So far, I have only filled about a half-shelf of books with the names of forgotten languages on their spines, because these are from nations that had their own alphabets, which I copied into these books, with a short entry on what is known about that nation or ethnicity.

And I have no doubt that they each had preserved some myths or legends that describe the time of planetary capture and plasma discharges in the sky. We can say this with some confidence and assurance because of the worldwide occurrence of the plasma discharges in petroglyphs and because of all of the electrical scarring (and electrical deposition) covering most of the bodies in the Solar System.

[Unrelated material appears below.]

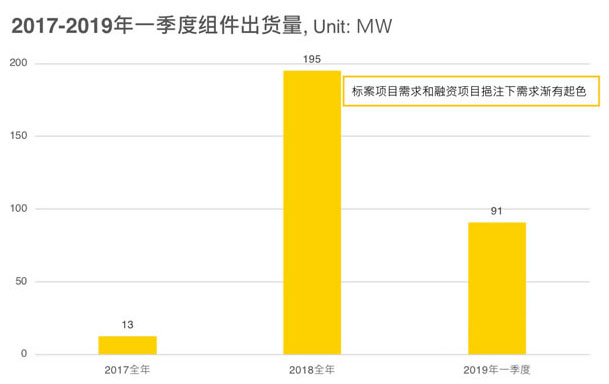 2019年一季度的組件出貨量已達到91MW,其組件需求可能有部分是用于去年10月份完成的標(biāo)案項目以及其他受到海外融資的項目需求。

So in answer to Velikovsky's question, "Why isn't planetary catastrophe remembered?" I would add that most languages have been lost, and that the rest have been processed through Greek and Roman writers; and after that, the Humanists put new cultures through their own Classical process and lens. But in the Electric Universe, despite the fact that many or most of those who have developed it are good, respectable card-carrying Humanists, I think there should always be room to acknowledge the loss of languages, and to quantify in some way those lost languages and nations, because it is possible that as many as 95% of all languages have slipped away from all memory, each with its own way of transmitting those events. Some of them may have been quite literal in their descriptions of, for example, the unstable period of capture, when there were wild changes in cold and heat, plasma spanning the ancient skies, planets coming close to earth, and when there were two suns in the sky, one sun dying and departing to be among the stars.

Velikovsky's Question: Why Isn't Planetary Catastrophe Remembered?

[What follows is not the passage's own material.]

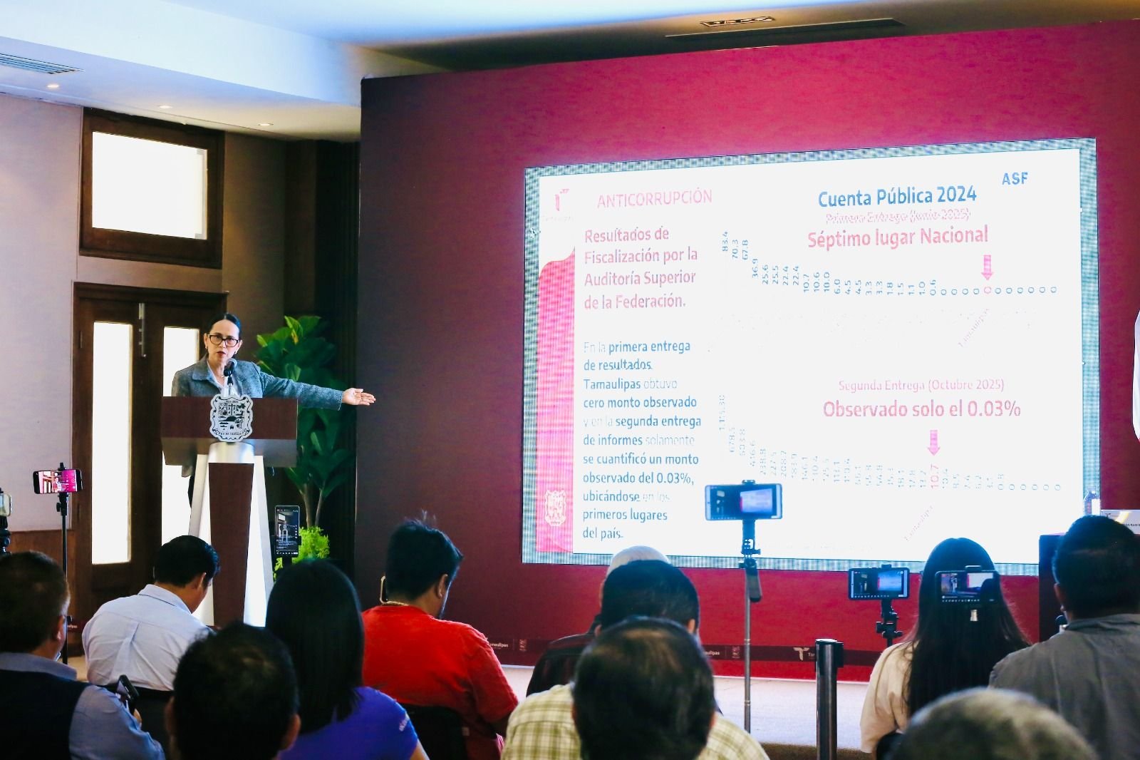 Ciudad Victoria, Tamaulipas.- Tamaulipas logró reducir las observaciones por parte de la Auditoría Superior de la Federación, lo anterior, debido a un compromiso firme durante la presente administración estatal, en aras de mantener una vigilancia y fiscalización preventiva del gasto, desde el día uno de trabajo del gobernador Américo Villarreal Anaya. En este marco, la secretaria Anticorrupción, Norma Angélica Pedraza Melo, informó que Tamaulipas se posiciona actualmente como una de las entidades con menor número de observaciones en los procesos de fiscalización realizados por la Auditoría Superior de la Federación (ASF). Detalló que, en la primera entrega de la cuenta pública 2024, el estado no registró montos observados; y en la segunda entrega efectuada en octubre de 2025, el índice de observaciones fue de apenas un 0.03 por ciento. “Estos resultados son producto de una estrecha vigilancia en los procesos administrativos y una política de cero tolerancia a la opacidad, reflejando un manejo honesto, transparente y eficiente de los recursos públicos, y alineándose con los ejes rectores del Plan Estatal de Desarrollo” expresó.

by Brigit » Thu Mar 12, 2026 8:34 pm

The Electric Universe has introduced the topic of Life on a Satellite of a Brown Dwarf Star, and maintained any-and-all-possibly-pertinent scientific observational and experimental records on the subject, for many decades now. In fact, over the entirety of the Space Age, Wal Thornhill, Dave Talbott, and others have explored the conditions that would be expected for Earth as a satellite of a Brown Dwarf.

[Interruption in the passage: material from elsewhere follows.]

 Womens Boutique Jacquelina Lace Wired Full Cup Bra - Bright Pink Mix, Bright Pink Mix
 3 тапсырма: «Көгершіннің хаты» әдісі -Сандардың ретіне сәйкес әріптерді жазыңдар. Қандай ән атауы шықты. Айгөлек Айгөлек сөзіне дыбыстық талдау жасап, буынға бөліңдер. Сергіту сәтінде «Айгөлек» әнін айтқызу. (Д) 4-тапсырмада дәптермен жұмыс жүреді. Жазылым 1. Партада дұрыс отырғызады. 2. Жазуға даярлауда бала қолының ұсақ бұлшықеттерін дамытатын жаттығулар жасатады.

One of the most confronting differences between the Electric Universe model and standard cosmology is of course electric dipole gravity. And, out of the many, many advantages of this model of gravity, two stand out above all others. Electric dipole gravity is both attractive and repulsive, and electric dipole gravity is variable. That is, the electric dipole gravity of any object in space can change, under different states of electrical stress within that body. To understand what conditions on an Earth with a Brown Dwarf Sun were like, we can first posit that the gravitational force on the surface of our planet has changed.

So if humanity is indeed longing in some unconscious way for Edenic conditions, as we have been discussing, the Electric Universe has some answers for what those conditions were. And of course the fossil record reflects a previous era of megaflora and megafauna.

Lower gravity may have, first off, been the cause of gigantism. With lower gravity, not only would there have been a prevalence of gigantism but also possibly much longer lifespans (say, centuries longer). Life on Earth can be said to have been very abundant, and also possibly very long. (Not that lower gravity itself gives longer lifespans, but that the Earth's previous gravitational force and electric field combined allowed the workings of every cell to be carried out with much less wear and tear.)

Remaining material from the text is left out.